Everybody in America knows that the burgeoning housing balloon of some years ago was punctured sometime in 2007-2008, not yet to recover, and that the country's job market is also suffering.

So it is encouraging to hear a bit of good news from the other side of the coin. Such was brought to the Memphis Rotary Club on Tuesday by H.E. Bolton Jr., chairman, president, and CEO of Mid-America Apartment Communities, a luncheon speaker who brought with him a set of facts that contrasted positively with the dreary statistics of decline that we're long since used to hearing.
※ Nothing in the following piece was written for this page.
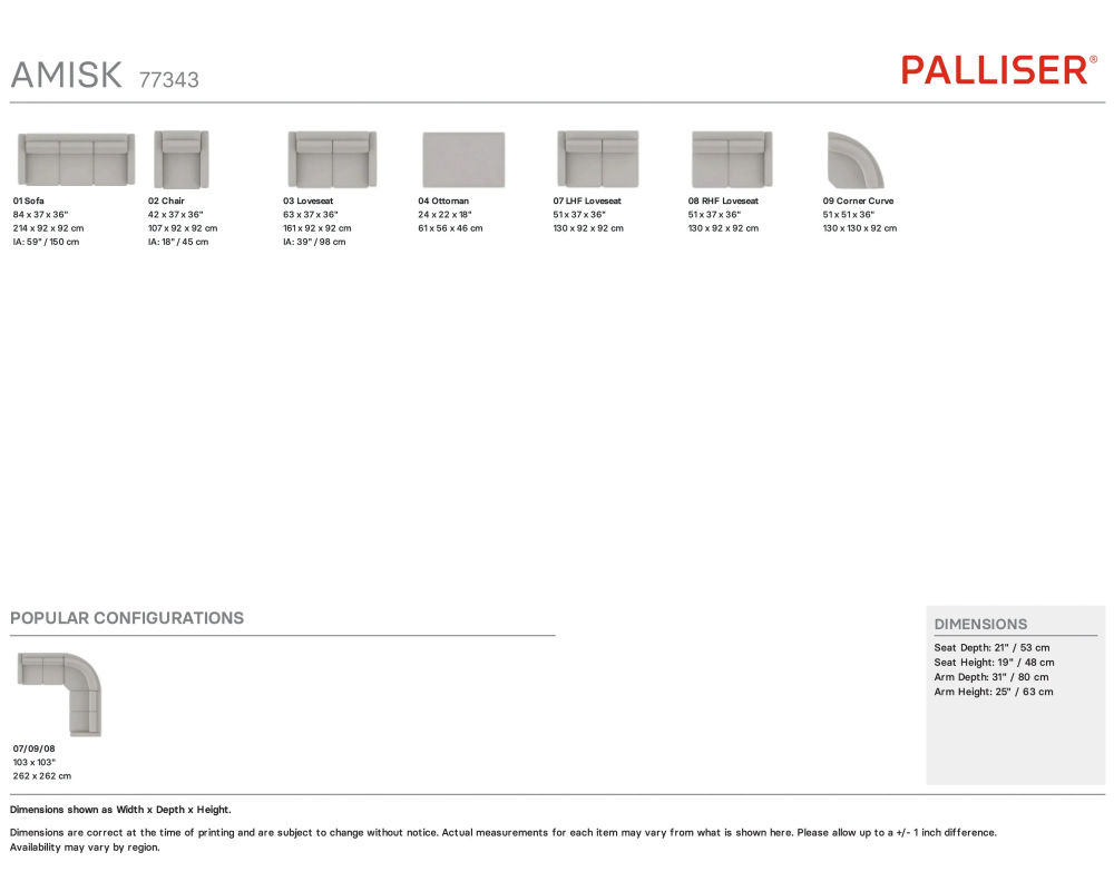 Beautiful well made sectional . We previously had a Palliser brand and know how well they are constructed , seats & cushions that don’t sag. Shipping was smooth ( even during pandemic) & we are very pleased .

Part of Bolton's message was that the ill wind that's blown through much of the economy has brought some good to companies, like his own, that build, operate, and maintain rental properties.

Some of his revelations: Even as the housing market has collapsed — hoist by the petard of its own overinflation, financial and otherwise — the rental market has expanded. And the nation's demographics also favor such a trend. The groups that increasingly dominate the search for new domiciles in the decade to come, according to Bolton, will be the very groups, baby boomers and the Gen Y types from 20 to 35, who would ordinarily be interested in rentals rather than ownership of large homesteads.

The combination of factors has reduced the percentage of homeowners from a balloon-era high of nearly 70 percent to the more usual — and sustainable — 65 percent, Bolton said.

At the moment, the demand for rental properties exceeds supply, he said — a fact that augurs for a coming renaissance in his part of the market. And where Memphis is concerned, the news is especially good. Bolton said his surveys show an ongoing bump upward in the job market here, and, since "job growth swells demand," the likelihood of new construction of apartments here is more promising than it has been. And that, of course, could mean even more jobs and the creation of a spiral that goes up instead of down.

Good to hear. Bring it!

Owning Up

We're glad to learn that, under the pressure of a stoutly contested presidential primary battle on the Republican side, putative GOP nominee Mitt Romney has been induced to reveal his tax filing for 2010 and an estimate for 2011. In all of his prior public and private life, Romney had never before opened his ledger like that.

Much of what we've learned so far is what we already knew. Romney's work as a venture capitalist has made him much richer than the rest of us, and he pays taxes at a much lower rate. Meanwhile, Romney has returned the favor, forcing his current GOP rival, Newt Gingrich, to begin to reveal the details of what Romney, rightly, calls "influence peddling" on behalf of Fannie Mae and Freddie Mac.

All of this reminds us that Tennessee's own current chief executive, Governor Bill Haslam, resisted entreaties during his 2010 campaign to be forthcoming about his own tax returns and continues to decline doing so. Come on, Governor! Inquiring citizens want — and deserve — to know.